The required phosphonate reagent (IV) was prepared by two alternative methods. Bromination of benzylacetone (I) in cold methanol afforded 1-bromo-4-phenyl-2-butanone (II). Subsequent displacement of the bromide ion of (II) with NaI in acetone led to the iodo ketone (III). The desired phosphonate (IV) was then obtained by the Arbuzov reaction of (III) with trimethyl phosphite. Alternatively, alkylation of the dianion of dimethyl 2-oxopropyl phosphonate (V) with benzyl bromide led to phosphonate (IV).
The title compound was prepared starting from the known bicyclic lactone (VI). Oxidation of the primary alcohol function of (VI) to the corresponding aldehyde (VII) was accomplished by either following the Pfitzner-Moffat method or by means of Dess-Martin perodinane reagent. Aldehyde (VII) was then converted to enone (IX) by Wittig reaction with the phosphonium salt (VIII) or, in a related method, by Wadsworth-Emmons condensation of (VII) with phosphonate (IV). Stereoselective reduction of enone (IX) with either L-selectride or (-)-B-chlorodiisopinocampheylborane produced the (15S)-allylic alcohol (X) as the major diastereoisomer, which was isolated by flash chromatography. Then, catalytic hydrogenation of the double bond of (X) gave the saturated alcohol (XI). Reduction of the lactone function employing DIBAL led to the protected lactol (XII). Subsequent removal of the phenylbenzoyl group of (XII) with K2CO3 in methanol furnished dihydroxy lactol (XIII). In a variation of this sequence, the phenylbenzoyl group of (XI) was first removed by methanolysis, and the resultant dihydroxy lactone (XIV) was then reduced with DIBAL to lactol (XIII).

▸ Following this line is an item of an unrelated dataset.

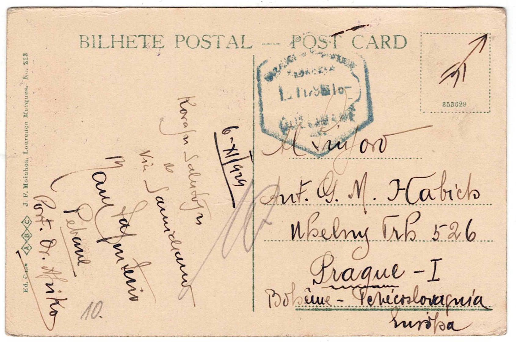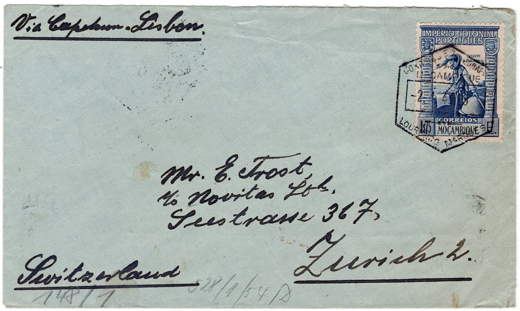 francs, by plane to Lourenço Marques, from where it was returned, as it was not claimed at the post office.(Image

A closely related strategy using tetrahydropyranyl protection has been reported. Protection of the allylic alcohol (X) with dihydropyran in the presence of p-toluenesulfonic acid yielded the tetrahydropyranyl ether (XVII). Catalytic hydrogenation of (XVII) gave rise to (XVIII), which was further reduced to lactol (XIX) employing DIBAL in cold toluene. After methanolysis of the phenylbenzoyl group of (XIX), the resultant lactol (XX) was subjected to Wittig condensation with the phosphonium reagent (XV), yielding olefin (XXI). After conversion of acid (XXI) to the corresponding isopropyl ester(XXII), the tetrahydropyranyl group was removed by means of pyridinium tosylate in MeOH.

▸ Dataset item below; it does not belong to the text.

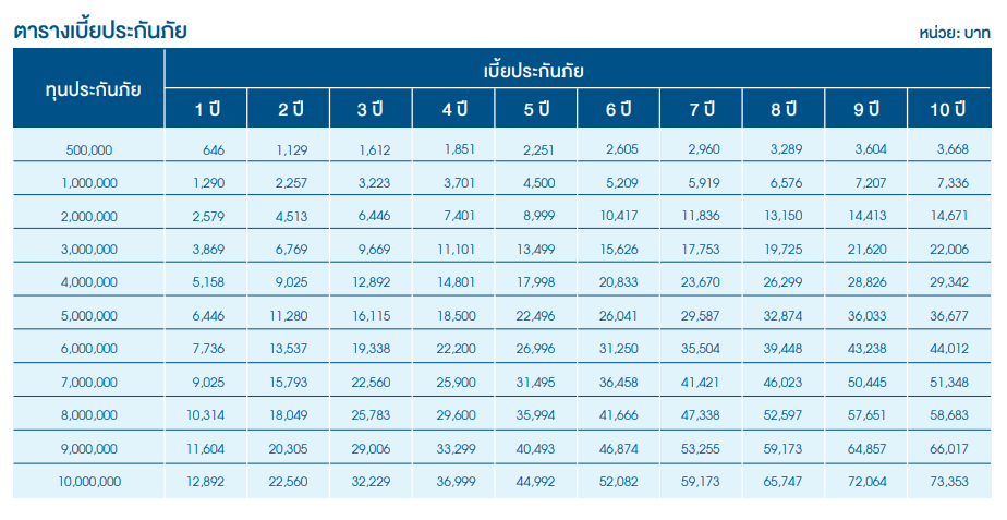 - จ่ายน้อย เบี้ยประกันภัยเริ่มต้นเพียง 646 บาท คุ้มครองมาก ทุนประกันภัยสูงสุด 30,000,000 บาท

Wittig condensation of lactol (XIII) with (carboxybutyl)triphenylphosphonium bromide (XV) in the presence of potassium tert-butoxide produced the Z-olefin (XVI). Conversion of carboxylic acid (XVI) to the title isopropyl ester was then accomplished by alkylation with 2-iodopropane in the presence of DBU.

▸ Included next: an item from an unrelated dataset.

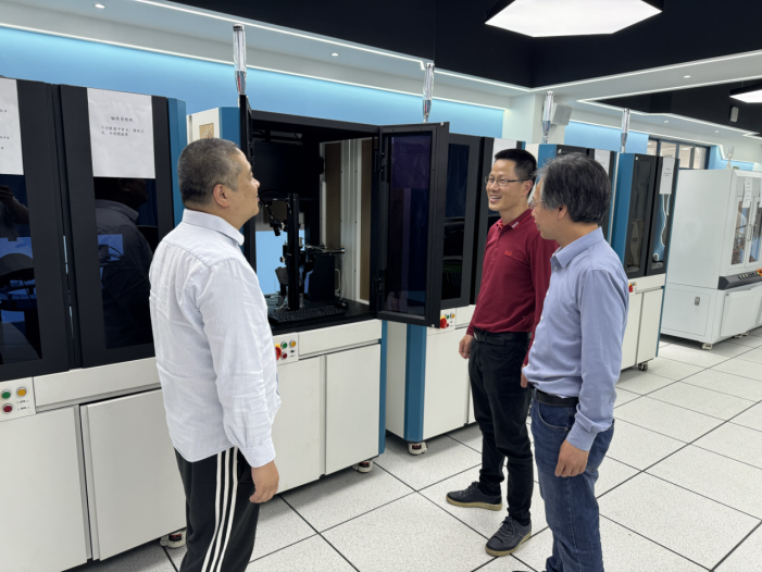 王耀军副院长和葛惠民教授在参观由浙大城市学院与至控科技联合研发的云边端AI质检产线和云化PLC测试台后,对这两项技术提出了宝贵的改进建议。随后,三方就签订战略合作协议、落实具体实施方案进行了交流,并围绕海宁校区如何开展产学研用新模式进行了深入讨论,商定了下一步合作事宜。

In an alternative method, the aldehyde lactone (XXIII) was subjected to Wadsworth-Emmons reaction with phosphonate (IV) to afford enone (XXIV). Stereoselective ketone reduction, followed by catalytic hydrogenation of the resultant allylic alcohol (XXV), provided (XXVI). Both the benzoate ester and the lactone groups of (XXIV) were hydrolyzed by KOH, yielding trihydroxy acid (XXVII), which was further cyclized to lactone (XIV) in boiling toluene. The hydroxyl groups of (XIV) were then protected with ethyl vinyl ether in the presence of trichloroacetic acid to produce the bis-acetal (XXVIII). Reduction of the lactone function of (XXVIII) to the corresponding lactol (XXIX), followed by Wittig reaction with the phosphorane generated from phosphonium salt (XV) and potassium t-butoxide, furnished olefin (XXX). After acidic hydrolysis of the acetal protecting groups of (XXX), the carboxylate function was converted to the corresponding isopropyl ester by treatment with 2-iodopropane and cesium carbonate.